Every unacknowledged message represents work that might not complete. The server has delivered the message and is waiting for confirmation. If the ack doesn’t arrive before the ack_wait timeout, the server redelivers the message to the same or a different consumer instance. This creates a compounding problem: redelivered messages consume processing capacity that could handle new messages, which pushes more messages into the ack-pending state, which triggers more redeliveries.
At critical levels, this cycle becomes a redelivery storm. The consumer spends most of its time re-processing messages it already attempted, while new messages pile up in the num_pending backlog. The effective throughput drops to a fraction of what the consumer can handle under normal conditions. In the worst case, messages hit their max_deliver limit and are sent to the advisory subject (or dropped entirely if no advisory consumer exists), resulting in permanent message loss.
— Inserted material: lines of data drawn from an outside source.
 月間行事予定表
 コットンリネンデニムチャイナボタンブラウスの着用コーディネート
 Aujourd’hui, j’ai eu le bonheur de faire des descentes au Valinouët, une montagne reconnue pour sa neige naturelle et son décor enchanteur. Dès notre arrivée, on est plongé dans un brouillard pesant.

The ack-pending count also has a hard ceiling: max_ack_pending on the consumer configuration (default 1,000 for pull consumers). Once this limit is reached, the server stops delivering new messages entirely — the consumer is back-pressured. If operators aren’t monitoring this, the stream’s num_pending grows unbounded while the consumer appears to be “working” but is actually throttled by its own unacknowledged backlog.
Server-side, a high ack-pending count increases memory pressure. The server tracks every pending ack with metadata (sequence number, delivery count, timestamp, reply subject). At scale — thousands of consumers each with thousands of pending acks — this metadata overhead becomes significant.
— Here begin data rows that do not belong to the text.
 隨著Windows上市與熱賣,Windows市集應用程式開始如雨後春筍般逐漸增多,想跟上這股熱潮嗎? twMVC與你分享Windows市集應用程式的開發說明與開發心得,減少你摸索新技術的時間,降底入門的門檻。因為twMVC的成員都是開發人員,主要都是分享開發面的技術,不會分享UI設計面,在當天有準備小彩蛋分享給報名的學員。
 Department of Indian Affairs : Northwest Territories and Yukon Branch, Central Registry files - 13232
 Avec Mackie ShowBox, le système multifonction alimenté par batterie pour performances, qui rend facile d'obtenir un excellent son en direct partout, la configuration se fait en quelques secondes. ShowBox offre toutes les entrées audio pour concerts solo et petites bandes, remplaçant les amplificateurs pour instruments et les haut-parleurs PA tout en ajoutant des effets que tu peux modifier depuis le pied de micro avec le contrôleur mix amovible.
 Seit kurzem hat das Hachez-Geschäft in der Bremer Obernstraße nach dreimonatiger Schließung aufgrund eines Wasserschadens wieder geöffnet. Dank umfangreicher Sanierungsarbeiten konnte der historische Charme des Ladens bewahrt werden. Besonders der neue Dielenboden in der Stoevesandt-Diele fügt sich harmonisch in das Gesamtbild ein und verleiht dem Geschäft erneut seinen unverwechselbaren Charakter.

Slow message processing. The consumer receives messages faster than it can process and acknowledge them. Database writes, HTTP calls, or complex computations in the message handler take longer than the inter-message delivery interval. The ack-pending count grows with each message that takes longer to process than the delivery rate allows.
Ack wait timeout too short. The ack_wait is configured shorter than the processing time for complex messages. Messages time out and are redelivered while the consumer is still processing the original delivery. Both the original and redelivered copies now occupy ack-pending slots.
Consumer crash or restart without ack. A consumer instance processes messages but crashes before sending acknowledgments. On restart (or when another instance picks up the messages), all previously delivered messages are still in ack-pending state. If the consumer frequently restarts, ack-pending accumulates with each cycle.
Network issues preventing ack delivery. The consumer processes messages successfully and sends acks, but network problems between the client and server cause acks to be lost or delayed. The server never receives the acks and counts the messages as outstanding.
max_ack_pending set too high relative to processing capacity. A high max_ack_pending allows the server to deliver a large batch of messages that the consumer can’t process within the ack_wait window. The consumer is overwhelmed, acks slow down, and the pending count stays elevated.
Poison messages causing processing failures. Messages that consistently fail processing (malformed data, schema mismatches, missing dependencies) are never acknowledged. They consume ack-pending slots, are redelivered, fail again, and consume more slots — crowding out healthy messages.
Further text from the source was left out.